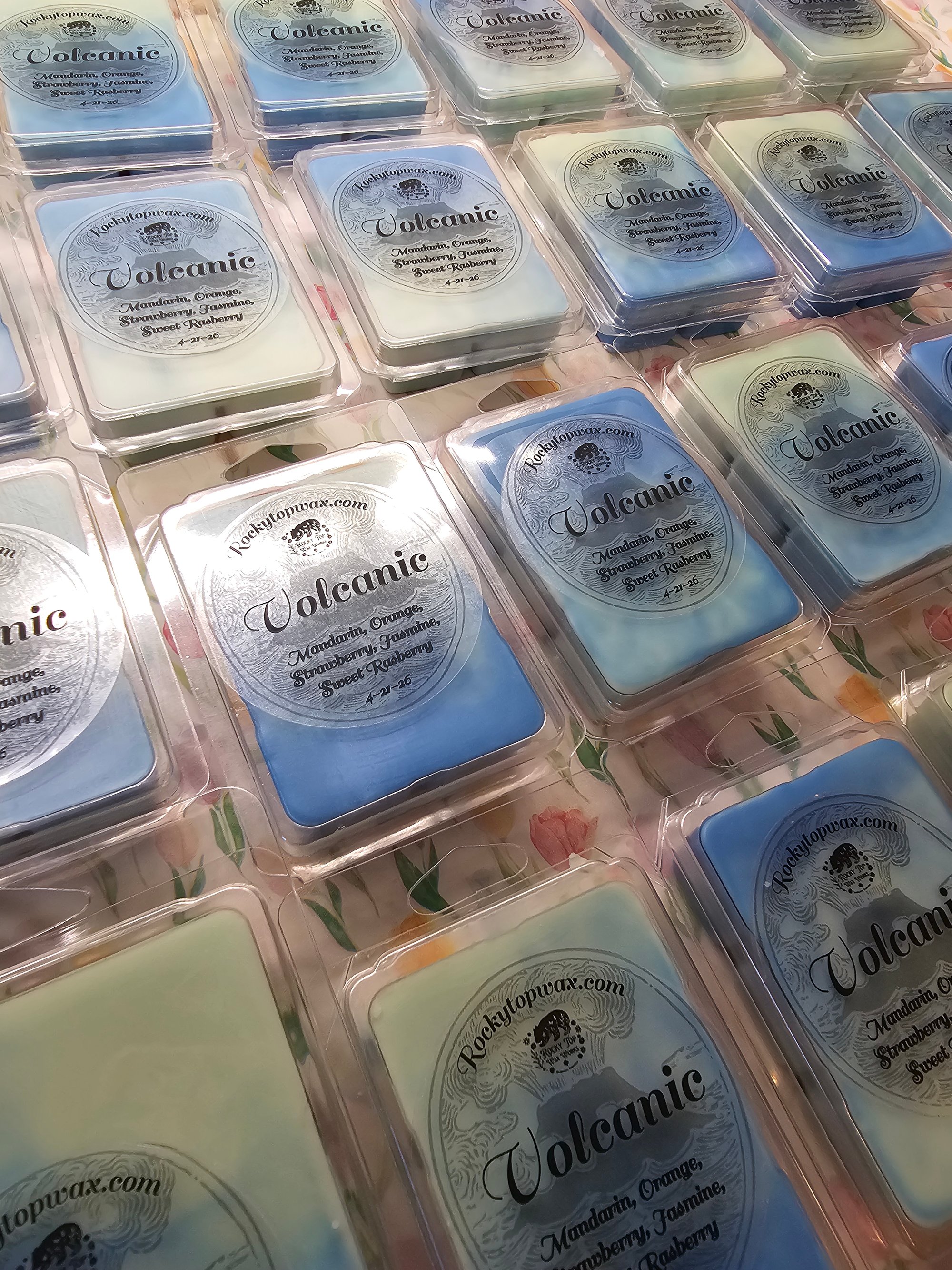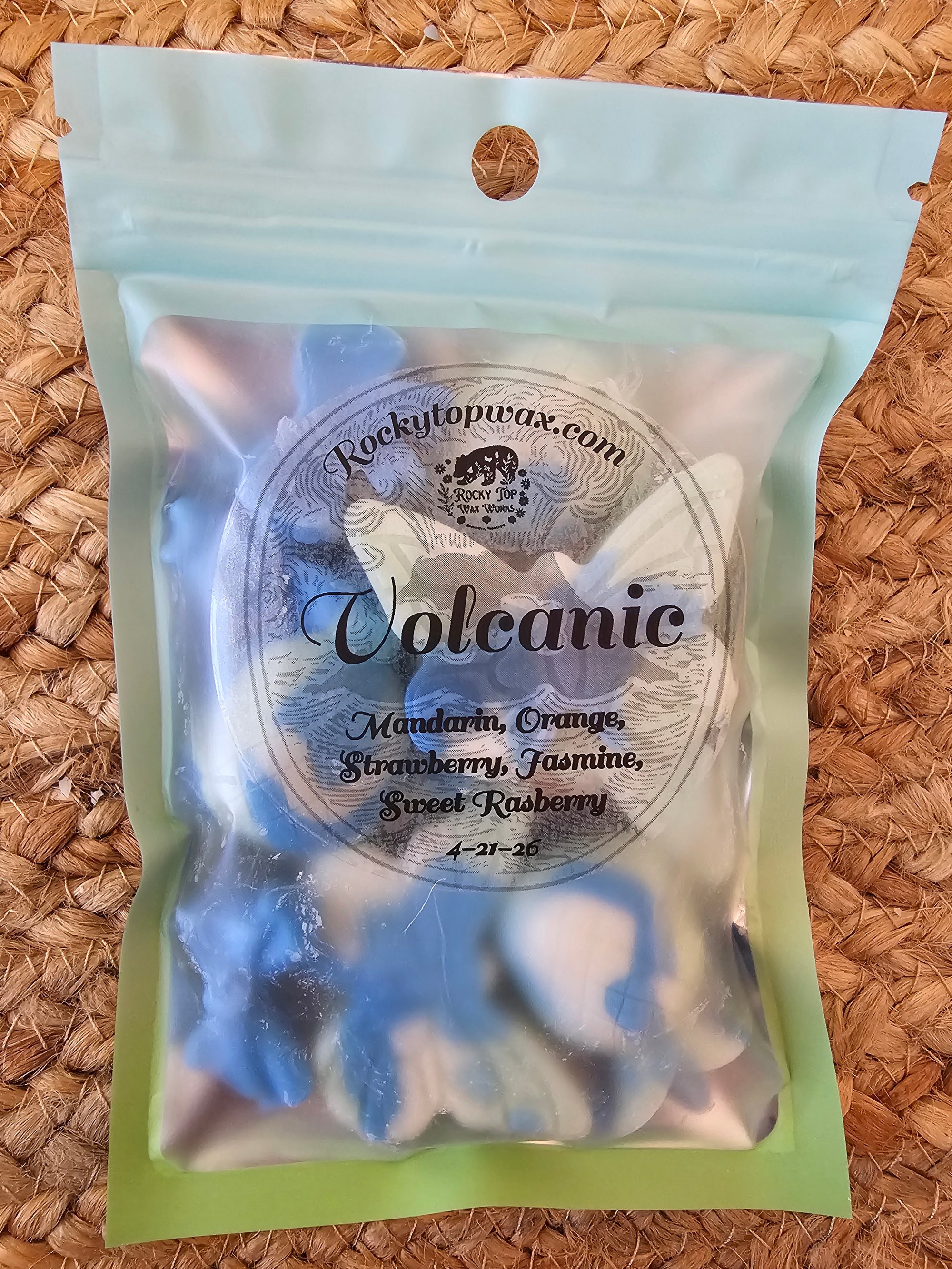 Volcanic is Mandarin, Orange, strawberry, jasmine, sweet raspberry. Its a dupe of cap. Blu. Volcano snd very similar to Scentsy Blue Grotto as well
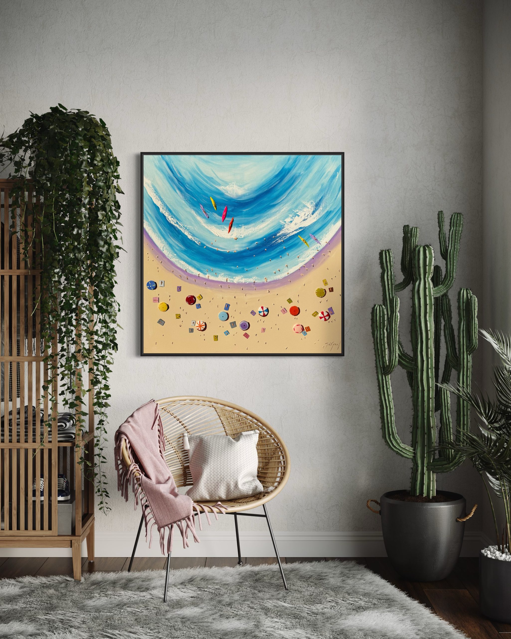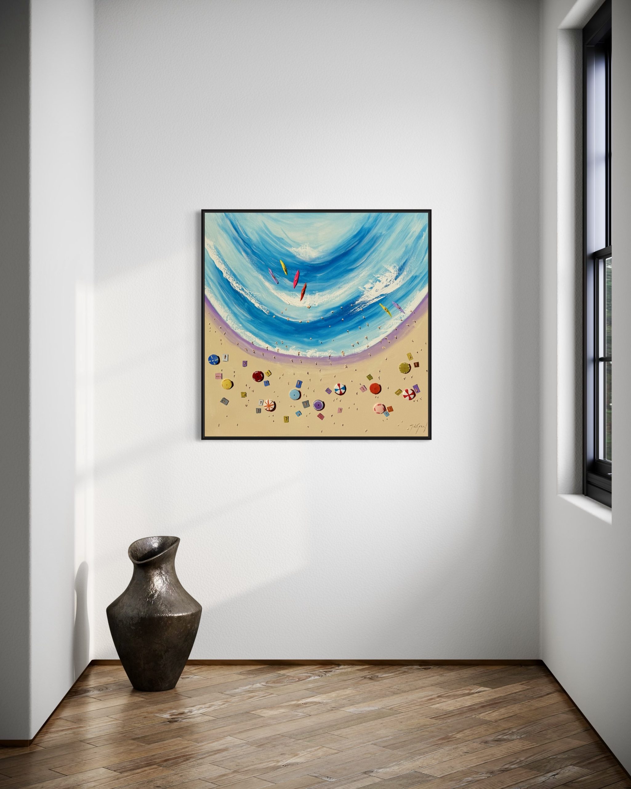 ‚On the beach I‘ ist ein atemberaubendes Kunstwerk aus der neuesten Serie des renommierten Künstlers Jochem de Graaf. Dieses Gemälde besticht durch seine sehr dicken Details, wie die Surfer, Figuren und Sonnenschirme, die einen beeindruckenden 3D-Effekt erzeugen. Diese besondere Dimension verleiht dem Gemälde ein lebendiges Aussehen, das in der Realität noch beeindruckender ist als auf Fotos.
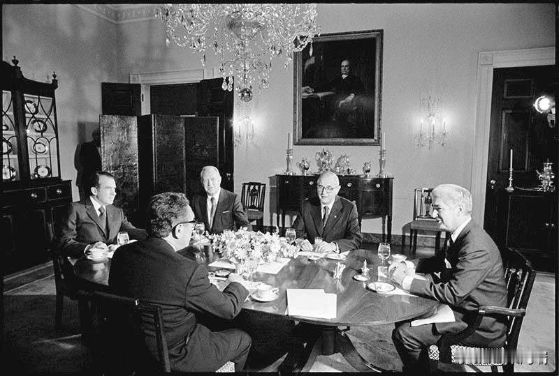 1973年2月23日——尼克松总统主持早餐会,与国务卿威廉·罗杰斯、助理国务卿威廉·沙利文、副国务卿威廉·波特和国家安全顾问亨利·基辛格博士讨论越南问题国际会议。
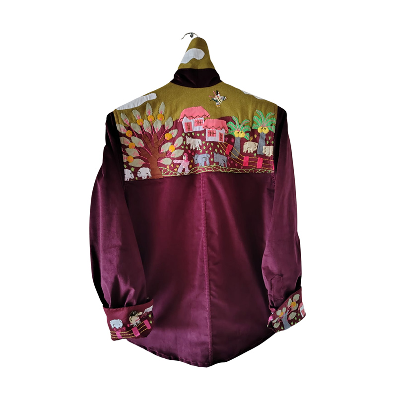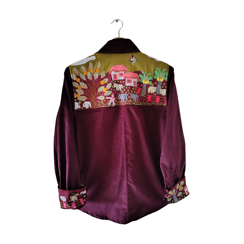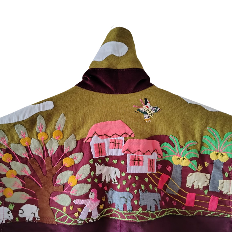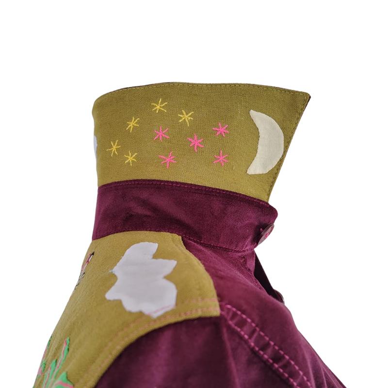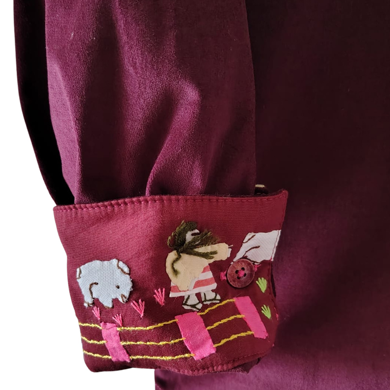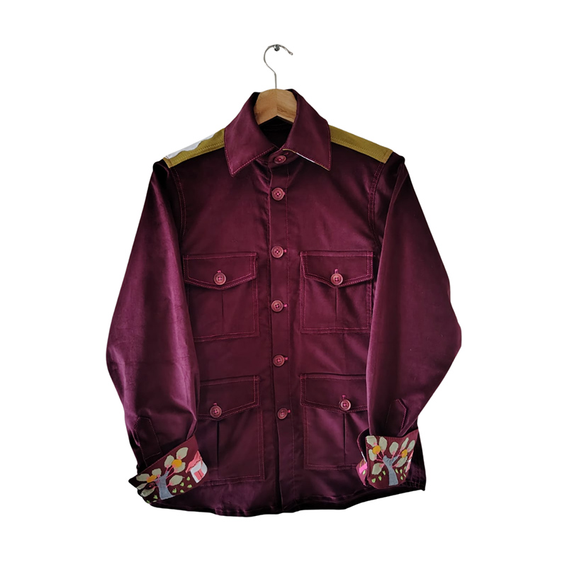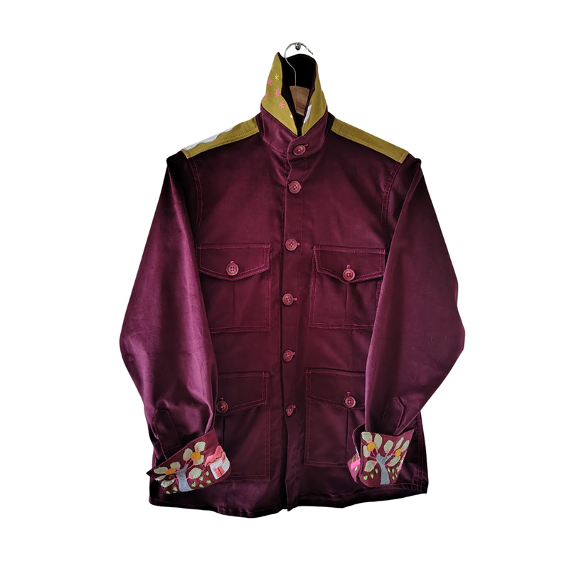 | Description: | Chaqueta en kenna color vinotinto con tejidos* en tonos verdes y vinotintos. Tiene pespuntes visibles color fucsia. Pieza única. made by lovely Colombian women in Bogotá. |
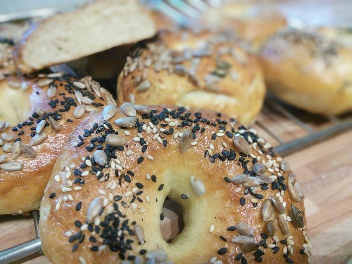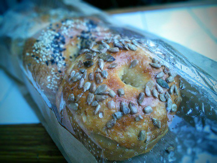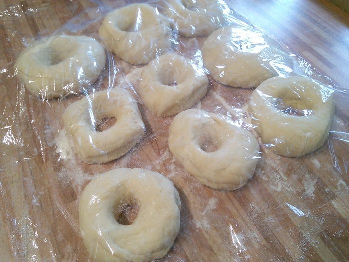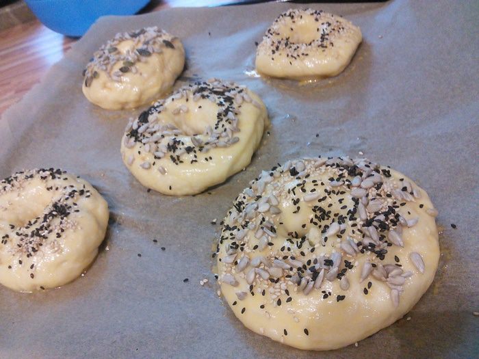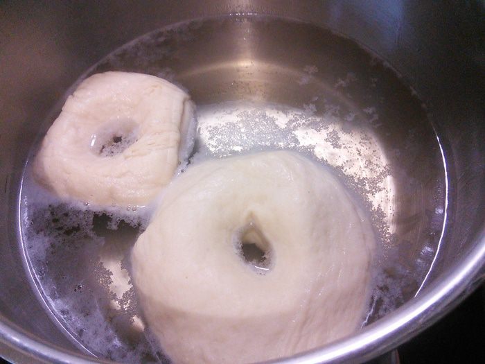 Для бубликов я использовала картофельный отвар. Для этого нужно отварить крупную (200-250 грамм) картошку, очищенную и порезанную крупным кубиком в 350 мл воды. Картошку используем в другом блюде, а 250 мл отвара отмерим и охладим до теплой температуры приблизительно в 40°. Это чуть теплее, чем температура тела. В этой воде растворим дрожжи и оставим на 10 минут для активации дрожжей.

● WHAT NEEDS TO BE DONE: An exact transcription is requested of each line from the one that holds "1973年2月23日——尼克" to the end of the listing above, both boundary lines included; pictures are to be omitted.

● ANSWER FOR THE TASK:
 1973年2月23日——尼克松总统主持早餐会,与国务卿威廉·罗杰斯、助理国务卿威廉·沙利文、副国务卿威廉·波特和国家安全顾问亨利·基辛格博士讨论越南问题国际会议。
 | Description: | Chaqueta en kenna color vinotinto con tejidos* en tonos verdes y vinotintos. Tiene pespuntes visibles color fucsia. Pieza única. made by lovely Colombian women in Bogotá. |
 Для бубликов я использовала картофельный отвар. Для этого нужно отварить крупную (200-250 грамм) картошку, очищенную и порезанную крупным кубиком в 350 мл воды. Картошку используем в другом блюде, а 250 мл отвара отмерим и охладим до теплой температуры приблизительно в 40°. Это чуть теплее, чем температура тела. В этой воде растворим дрожжи и оставим на 10 минут для активации дрожжей.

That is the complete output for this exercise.